La cena acabo, como es preceptivo con el capítulo dulce, que llegó dispuesto a restablecer el entente bajo el nombre de "La Fábrica de Chocolate 2.0". Como reconozco abiertamente que soy un fan absoluto del chocolate en todas sus presentaciones, y matizo que cuanto más puro, mejor, este festín para los incondicionales del cacao es obligado pedirlo. El plato es un inteligente recorrido longitudinal que combina la melosidad de unas quenelles de chocolate con leche con la untuosidad de un helado de chocolate blanco. Las etéreas rocas de bizcocho de chocolate blanco aportaban ligereza, pero el protagonismo para mi paladar se lo llevaron las láminas de chocolate negro, cuyo amargor noble y pureza dictaban la calidad del pase. El elemento divertido lo ponían unos dados de bizcocho con sabor a coco y un sutil punto picante que actuaban de contrapunto. Una fiesta para el alma chocolatera.

Para beber elegí Figuero Viñas Viejas 2021. La botella, con esa etiqueta texturizada y limpia que huye de barroquismos innecesarios, se planta en la mesa escoltada por un tapón de corcho natural impecable que ya delata el cuidado que la familia García Figuero pone en su joya de La Horra. Estamos ante un monovarietal de Tempranillo elaborado a partir de cepas de más de 60 años, criado durante 15 meses en barricas seleccionadas de roble francés y americano. En la copa despliega una capa intensa de un color rojo picota profundo, con ribetes amoratados que delatan su juventud y su excelente potencial de guarda.
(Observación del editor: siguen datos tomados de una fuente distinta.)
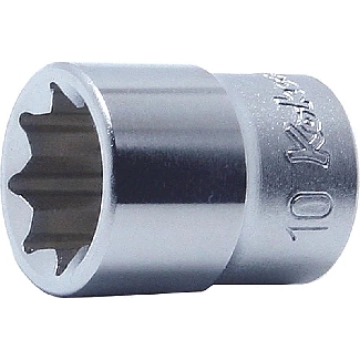 The Koken 2415M08 is a precision-engineered double square (8-sided) socket designed for use with 1/4" (6.35 mm) square-drive tools. Made in Japan, it features a compact 22 mm length and chrome-plated chromium-molybdenum steel construction, delivering reliable performance on square-head fasteners requiring precise alignment.
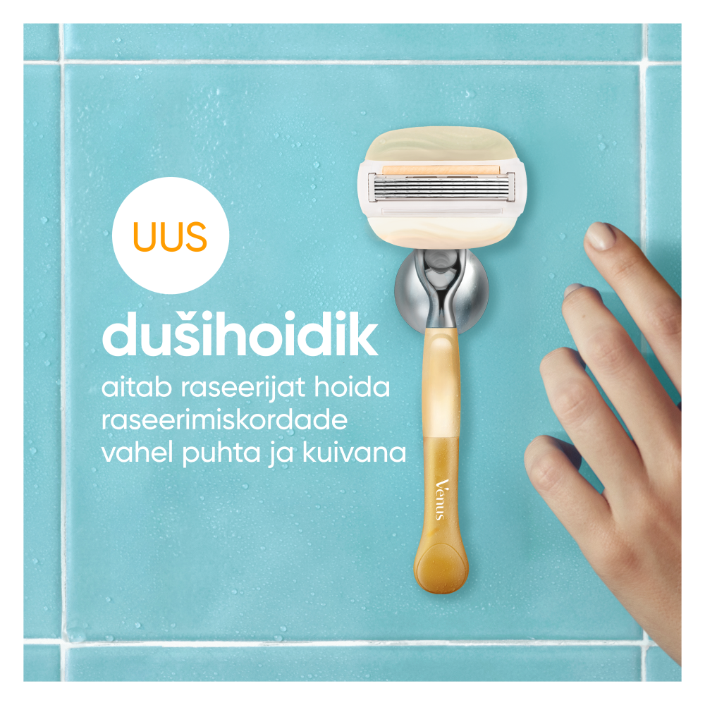 Kuivale nahale ei sobi mis tahes suvaline raseerija. Paku oma nahale hoolt ja armastust tootega Gillette Venus Comfort Glow Raseerija naistele. Spetsiaalselt isegi kõige kuivema naha hooldamiseks loodud Gillette Venus Comfort Glow Raseerija on saanud dermatoloogide heakskiidu, seega saad muretult ja püsivalt sileda naha. SkinCushioni määrderiba aitab kaitsta nahka raseerimisärrituse eest. Seebitab ja raseerib ühe tõmbega tänu Venuse niisutusribadele, mis sisaldavad veidike argaaniaõli. 5 teraga raseerimispea libiseb üle naha, aidates samal ajal kaitsta nahka raseerimisjärgse kuivuse eest. Kas soovid paremat juhitavust? Siin see on: Vastupidavale ergonoomilisele metallkäepidemele on suurema täpsuse tagamiseks lisatud raskust. Korduskasutatav käepide ühildub ka kõigi Venuse raseerijate varuterakassettidega. Kaasasolev dušihoidik aitab hoida raseerija raseerimiskordade vahel puhta ja kuivana. Raseerimiskogemus, mis võtab arvesse sinu kuiva nahka. Hangi Gillette Venus Comfort Glow veidikese Argaaniaõliga. Kas otsid veelgi rohkem viise, kuidas oma naha eest hoolitseda? Olenemata sellest, mida soovid trimmida, raseerida, vormida või stiliseerida, on Gillette Venuse tooted valmistatud sinu keha ja kehakarvasid silmas pidades. Tutvu tootevalikuga juba täna.
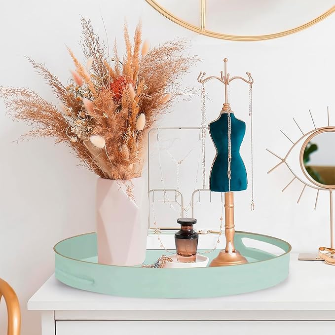 Mint Green Round Serving Tray with Handles,13" Decorative Ottoman Coffee Table for Perfume,Living Room,Home Decor
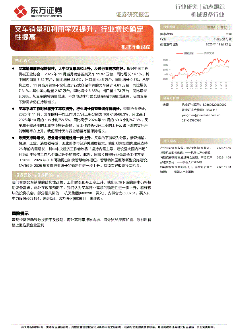 机械行业:东方证券-机械行业跟踪:叉车销量和利用率双提升,行业增长确定性提高-251222
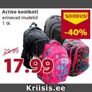 Период кампании: 16.08.2018 - 26.08.2018 Цена: 17.99€ Ранецerinevad mudelid 1 tk Active koolikott
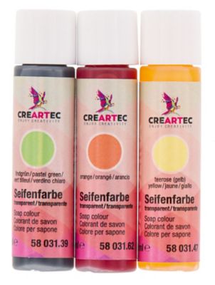 Seifenfarben-Set, Inhalt: 3x 10 ml. Zum Einfärben der geschmolzenen Seifenmasse. Für transparente und weiße Flüssigseife zu verwenden. Farben: grün, gelb, orange.
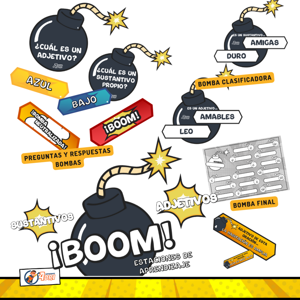 ¡BOOM!- Estaciones de aprendizaje: SUSTANTIVOS Y ADJETIVOS
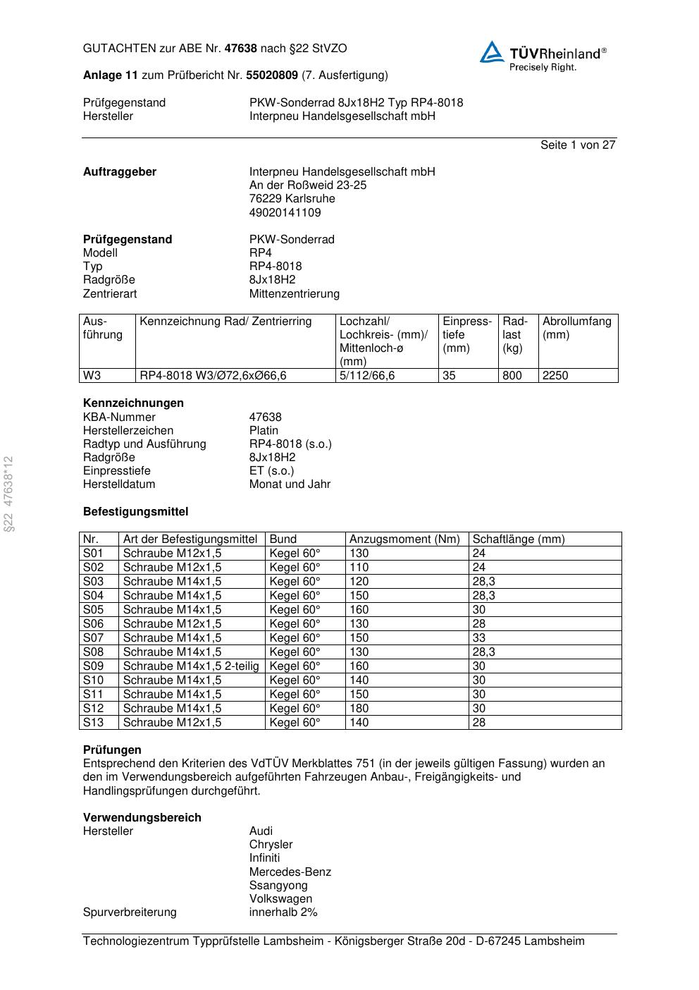 • Stimmt die KBA-Nummer auf der Felge mit diesem Dokument überein?
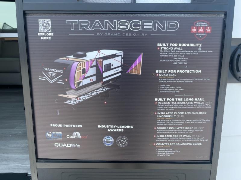 With any Transcend travel trailer by Grand Design, you will enjoy upscale appointments and convenient amenities to make each camping experience one to remember! The Quad Seal technology, residential insulated walls, plus heated and enclosed underbelly with suspended tanks make these units solid and durable. There is a black automotive glass door outside, along with a Safe-T-Rail assist on the main entry door, backup camera prep, and a universal docking station. JBL interior and exterior speakers plus a JBL head unit will let you listen to your favorite tunes as you visit under the power awning with LED strip lights. Inside, you'll enjoy multiple outlets to keep your gadgets charged, thermoformed and seamless countertops, and a 6' 6" interior height so you won't feel closed in. The Solar Prep Package will allow you to enjoy off-grid capabilities with a 200W solar panel, which is wired for up to 600W, a 30 AMP Bluetooth solar controller, a 2000W inverter prep, and more!
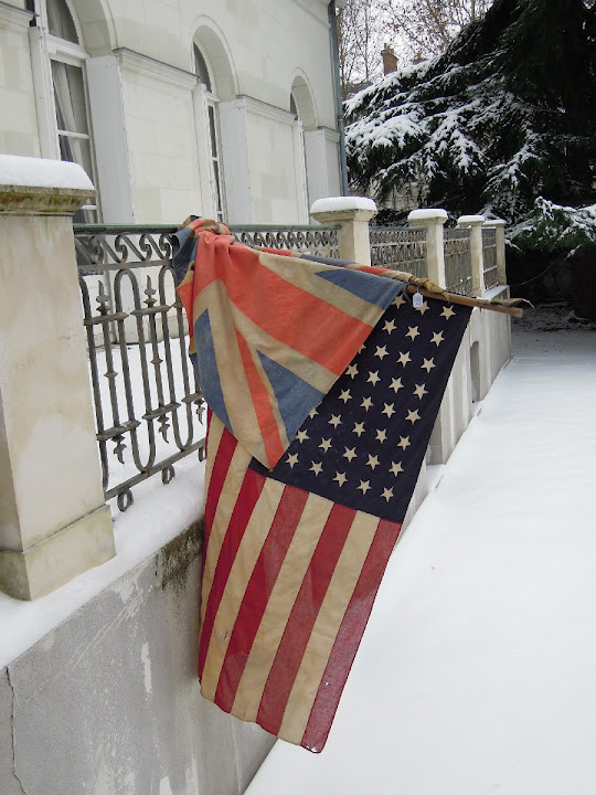 UNION JACK (147 x 78 cm) et BANNIÈRE ÉTOILEE (100 x 145 cm) confectionnés par les F.F.I. de façon artisanale et ayant pavoisé la ville de Tours à la fin du second conflit mondial.

La nariz es compleja, de esas que exigen tiempo y paciencia, asoma una fruta negra madura espléndida, notas de regaliz negro y un fondo sutil de especias, cacao y madera noble magníficamente integrada. En boca es donde el vino muestra su verdadera categoría. Entra carnoso, denso y con unos taninos aterciopelados y golosos que envuelven el paladar con absoluta elegancia. Posee una acidez vertical y vibrante que estira el trago y aporta una frescura providencial, convirtiéndose junto con el carpaccio de costilla en el auténtico co-protagonista de una cena inolvidable.
La Fábrica de Ricardo Temiño sigue siendo uno de los faros indiscutibles de la cocina burgalesa contemporánea, merecedor de sus reconocimientos. Es un espacio donde el producto se mima y donde se alcanzan cumbres excelsas como ese carpaccio de costilla que ya forma parte de mi olimpo particular.